START Records for this exercise

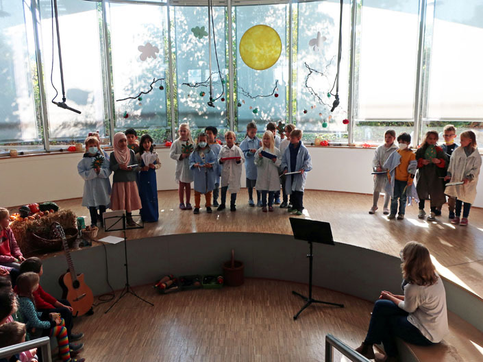 Bei der zweite Feier beginnen - nach einführenden Worten der Klasse 4 Weß - die Kinder der Klasse 2 Ams ....
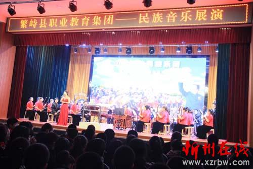 本報訊11月23日下午,繁峙縣職業(yè)教育集團民樂團在忻一中體育館舉行民樂展演。國家一級作曲家、指揮,山西省歌舞劇院著名指揮劉建斌進行了音樂指揮。
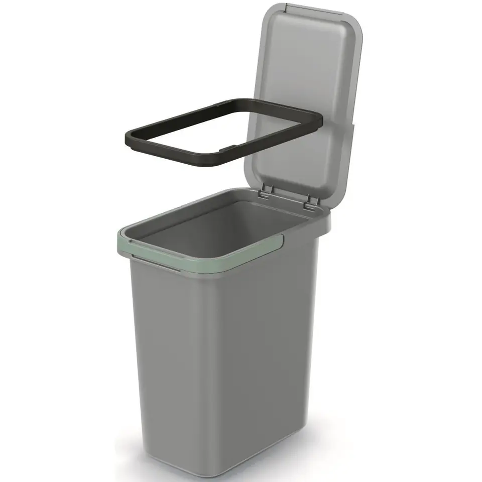 Wyposażony w uchylną pokrywę, która ułatwi wrzucanie śmieci i nie pozwoli na wydobywanie się brzydkich zapachów oraz funkcjonalną ramkę, dzięki której worek jest stabilnie umocowany.
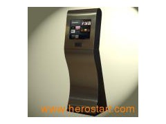 Touch screen features: Touch screen size 15" 17" 19" 20" touch screen, SAW or infared touch or resistive. SAW touch screen is water/dust/vandal proof, five year guaranteed, the same high quality as ELO touch screen. Grade A LCD monitor: Aspect ratio: 4: 3, Max resolution: 1280x1024 Brightness: 260CD/m2 Contrast: 450: 1 Powerful PC: Pentium 2.2 E2200 dual core processor, TCP/IP protocol 1GB RAM DDR2, 160GB SATA HD, ASUS motherboard, with "Pioneer" branded DVD driver Multi-media system: Amplifier; Stereo Loudspeaker; Magnetic-proof, net card, sound card, integrated display card, Operation system: We can intall Windows XP OS, English Optinal accessories: 1. Bluetooth connection. 2. Printer: Epson 80MM thermal printer with auto cutter or HP A4 size laser printer. 3. Card reader: IC card reader/magnetic card reader/RFID card reader, etc. 4. Metal keybaord with trackball, stainless steel, waterproof, encrypted 5. Cash acceptor: "Cashcode" branded, with RS232 interface, DC12V power, accepts multi-currency 6. Coin acceptor: Accepts multi-currency coins 7. Camera We can print your own logo on the kiosk Color: We can paint your own color, free of charge Cabinet: Steel cabinet sprayed metallic paint or plastic-spray, 2.0MM steel, moisture-proof, anti-rust, anti-acid, anti-dust Packing: Foam, carton, wooden case
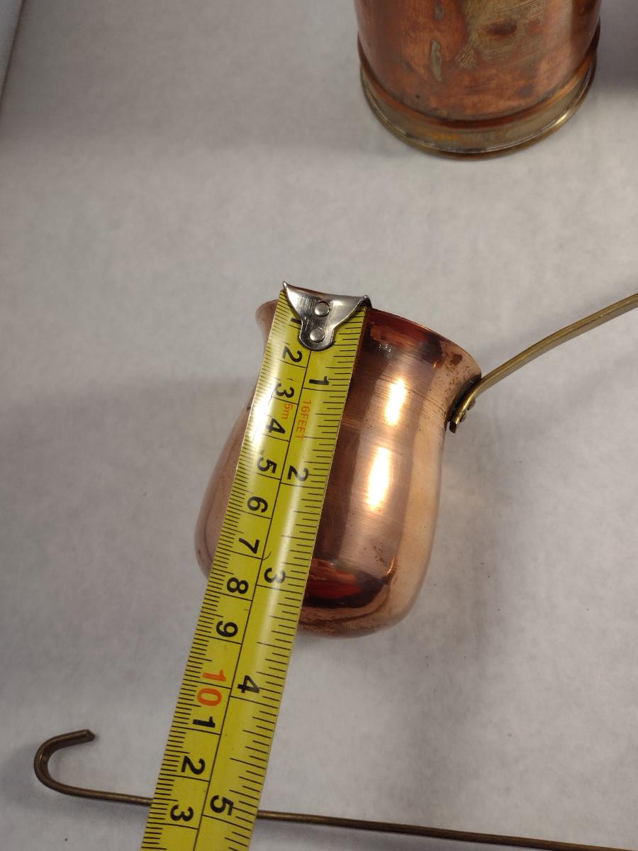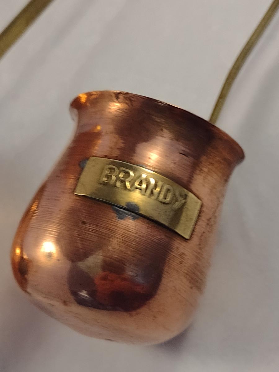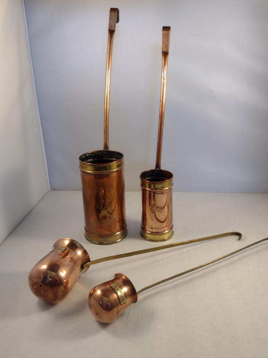Collection of Vintage Copper Alcohol Dippers. Assorted sizes- 1 liter, 1/4, whiskey, and brandy.
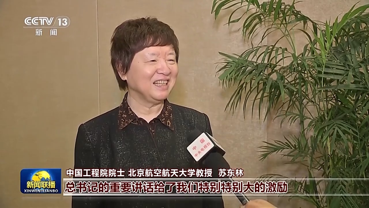 中国工程院院士 北京航空航天大学教授 苏东林:总书记的重要讲话给了我们特别特别大的激励,正是因为这个时代有这么多的英雄在为国家作贡献。时代造就了英雄,英雄也贡献了这个时代。我们一定要带领我们的老师和同学们一起向英雄学习,围绕国家重大战略,让我们的学生能扛起大梁,自觉自愿地去到国家的主战场去奉献青春,为国家立功。
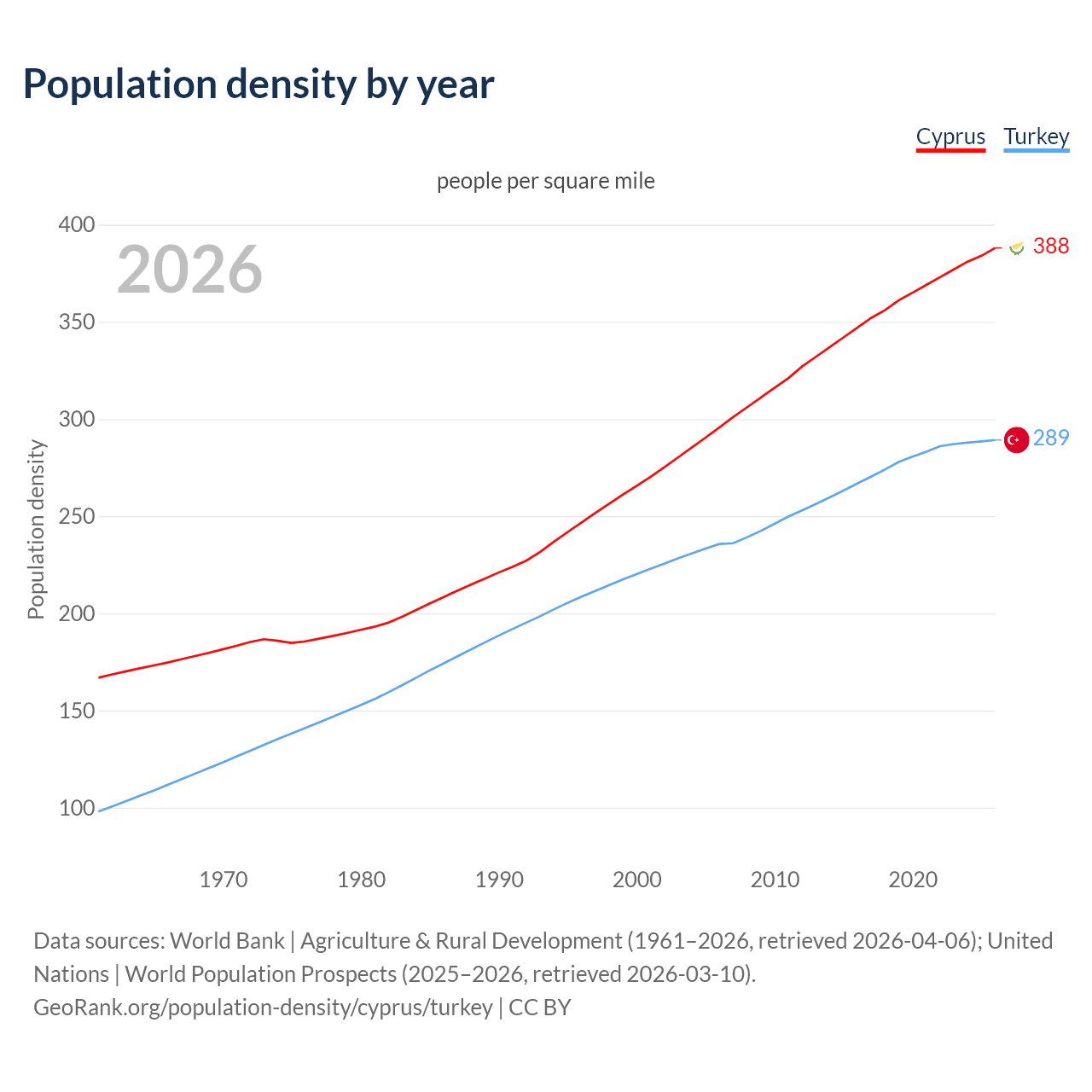From 2006 to 2026, population density in Cyprus increased by 31.2%, compared to a 22.7% growth in Turkey.
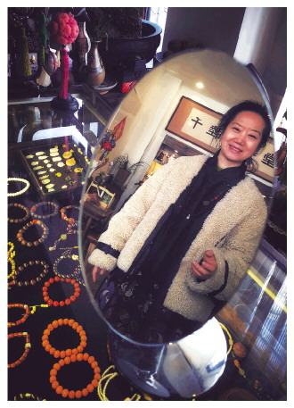 在即墨古城县衙广场南侧,开满玉兰花的小巷里,有一家“千睦”香囊馆。店招古色古香,步入其中,一股中草药香味扑面而来。中式极简的空间里,墙上、桌上、门上挂着各式各样的香囊、香珠,一群群穿着汉服的“小姐姐”“小哥哥”入店,流连于一件件手工香囊前品鉴,爱不释手,兴奋地左挑右选。
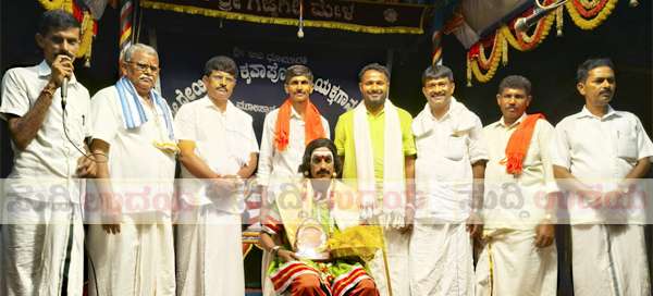 ಗೌರವಾರ್ಪಣೆ: ಕಾರ್ಯಕ್ರಮದಲ್ಲಿ ಗೆಜ್ಜೆಗಿರಿ ಮೇಳದ ಹಿರಿಯ ಯಕ್ಷಗಾನ ಕಲಾವಿದ ಕೊಳ್ತಿಗೆ ನಾರಾಯಣಗೌಡ, ಯಕ್ಷ ಸೇವೆಯಲ್ಲಿ 25 ಸಂವತ್ಸರವನ್ನು ಪೂರೈಸಿದ ಶ್ರೀ ತೆಲಿಕೆದ ಬೊಳ್ಳಿ ದಿನೇಶ್ ರೈ ಕಡಬ,ಮುಖ್ಯ ಅತಿಥಿ ಕಲಾವಿದರಾಗಿ ಭಾಗವಹಿಸಿದ್ದ ಅಶ್ವಥ್ ಆಚಾರ್ಯ ಕೈಕಂಬ ಇವರನ್ನು ಗೌರವಿಸಲಾಯಿತು.

END Records for this exercise

> **Problem**:
Your output should be the lines above from the one that contains "本報訊11月23日下午,繁峙" through the one that contains "Wyposażony w uchylną", word for word, with pictures left out.

> **Solution to this exercise**:
 本報訊11月23日下午,繁峙縣職業(yè)教育集團民樂團在忻一中體育館舉行民樂展演。國家一級作曲家、指揮,山西省歌舞劇院著名指揮劉建斌進行了音樂指揮。
 Wyposażony w uchylną pokrywę, która ułatwi wrzucanie śmieci i nie pozwoli na wydobywanie się brzydkich zapachów oraz funkcjonalną ramkę, dzięki której worek jest stabilnie umocowany.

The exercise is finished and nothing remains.